Importantly, auto-enrolment with the option to opt-out offers a substantially more effective and representative method for participant recruitment than an opt-in approach. Previous work has shown that recruiting participants to an observational medical database via an opt-in strategy compared to an opt-out approach resulted in significantly lower recruitment rates and a biased sample, such that those patients included tended to be healthier on multiple indicators [10]. Equally, a Canadian stroke registry requiring explicit consent led to selection biases in key demographic and clinical characteristics known to be associated with long-term patient outcomes [11]. When creating a national resource for healthcare data, an opt-in approach to participant recruitment has the potential to leave those patients most requiring care unaccounted for.

The impact of opt-outs on medical records data, however, has not yet been well-defined. For example, in a United States birth cohort, the introduction of opt-out legislation led to significant differences in ethnicity and maternal age between families who were included and those who opted-out [12]. This suggests socio-demographic factors influence decisions to opt out, which could bias the sample. However, other work in a cohort being treated for a urinary tract infection found no differences in age, gender and one clinical characteristic (urine test) between patients choosing to opt-out and those included in the final sample [13]. These are, however, small studies (n < 2000) including only limited clinical indicators.

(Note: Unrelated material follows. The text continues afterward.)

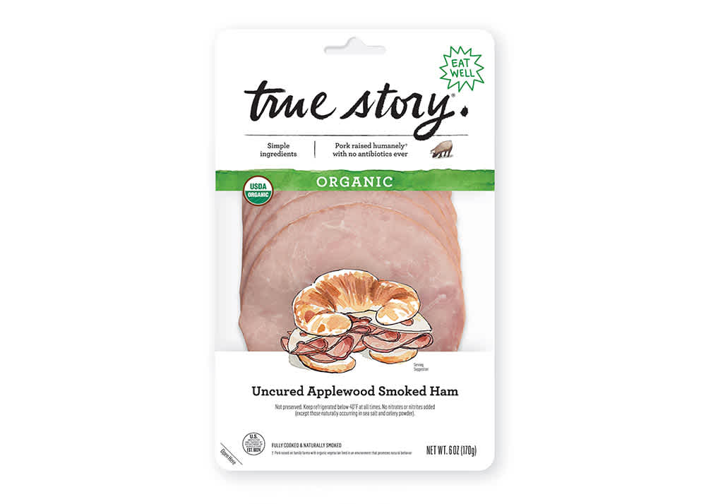 True Story Uncured Applewood Smoked HamIngredients: Organic Pork, Water, Sea Salt, 2% or Less of: Organic Brown Sugar, Celery Powder.
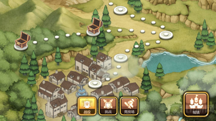 游戏的战役场景在一片青山绿水中。场景中的道路与据点原为灰色,通关后会变为高亮,通过部分关卡后可以开启支线宝箱关卡。玩家在通关和获得关卡奖励后能收获满满的成就感。但是所有关卡奖励都只能获得一次,且宝箱关卡需于战役场景中手动点击宝箱领取。

Clearly, more work is needed to identify the socio-demographic and clinical characteristics of patients choosing to opt-out in order to understand how this may reduce the value of the data.

Conclusions

Even in view of the large number of expected opt-outs, it is important to consider that surveys show most patients are supportive of medical records research [14, 15]. Indeed, Nordic countries have established national mandatory health registries with great success [16, 17]. In these regions, provision of data is seen as part of the contract for receiving free healthcare, and ethical review committees help ensure data are handled in a way that maintains patient privacy [18]. In the UK, any decision to opt-out is likely to be driven by the patient’s perception of the risks and benefits involved in sharing their data [15]. Importantly, adequately framing arguments around privacy concerns has been shown to generate more positive attitudes [19]. Therefore, appropriate information needs to be channelled to groups that may be misinformed or to those patients who may desire more information. Patients also need to be engaged, for example, by receiving information on how their data are being used [20]. However the challenge of opt-outs are met, adequately addressing the issue will be essential to ensure the scope and quality of observational research generated using care.data are not compromised, and to continue building on the successes of existing databases such as the CPRD.